27/6/12

Relojo

Un día se perdió el reloj. Mamá lo había regalado y era de esos que además de atrasarse con suiza regularidad, podía transformarse en una nave ploma de plástico brillante que estimulaba la imaginación hasta lejanas estrellas. Podía ser un caza de cualquier fuerza armada, un insecto gigante del espacio adherido indefectiblemente a tu muñeca, un reloj poseído por fuerzas demoníacas que lo hacían adoptar foras ajenas, podía ser simplemente el reloj nuevo de un futuro escritor de blog.

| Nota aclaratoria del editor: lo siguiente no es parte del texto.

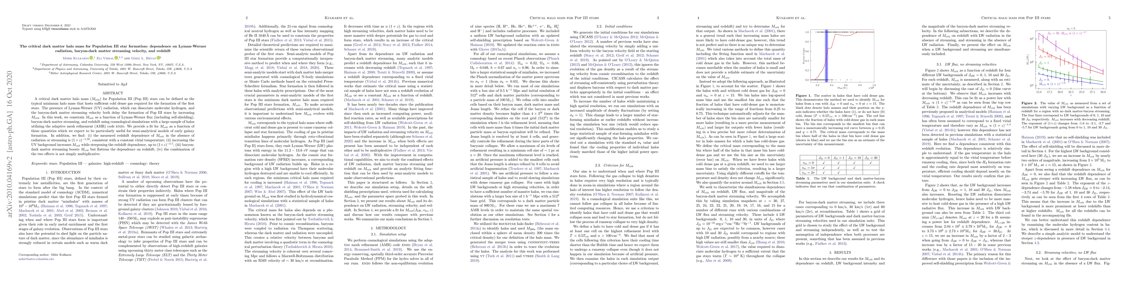 This research defines the critical dark matter halo mass ($M_{\rm crit}$) for Population III star formation, showing how $M_{\rm crit}$ is influenced by Lyman-Werner radiation, baryon-dark matter streaming velocity, and redshift. The study finds that these factors increase $M_{\rm crit}$, delaying star formation, and provides a fit for $M_{\rm crit}$ as a function of these variables, useful for early galaxy formation models.

Pero no duró mucho. Se sabía desde un inicio que su destino sería perderse. Y se perdió, nada ni nadie puede escapar nunca a la fatalidad de lo que le espera en un destino incierto. Huevadas. Se perdió nomás, mamá no debía saberlo. Usar chompa en pleno verano para cubrir las muñecas desnudas fue la medida más efectiva pero no podía durar para siempre. Había que buscarle remplazo.
Cada día, al pasar por el mercado de Magdalena, allí estaban los ambulantes que ya habían, hacía rato, dejado de deambular. Tenían su pedazo de calle y allí cada día armaban y desarmaban un medio de vida. Casi a la esquina, a cinco o diez metros de los vendedores de dólares, vendían relojes. Allí estaba, igualito pero sin haberse perdido e inalcanzable a unos bolsillos de primarioso. Cada día también, el vendedor de tal puesto respondía la misma pregunta:
- ¿Cuánto cuesta?
Y cada día costaba 12 mil intis.
Quizás no era tan inalcanzable con un poco de fuerza de voluntad. 12 días. Juntar hasta conseguir. Delay gratification. El asunto es que tras muchísimos más de 12 días, el reloj desapareció sin explicación que era obviamente innecesaria. Aunque el vendedor hacía rato había dejado de oir aquella pregunta de aquella persona sobre aquel reloj. Pasaron los años y el puesto también desapareció. Y los otros como él lo mismo. También los cambistas. Y la tienda Tía que estaba al frente. Todo menos el mercado que hasta hoy allí sigue.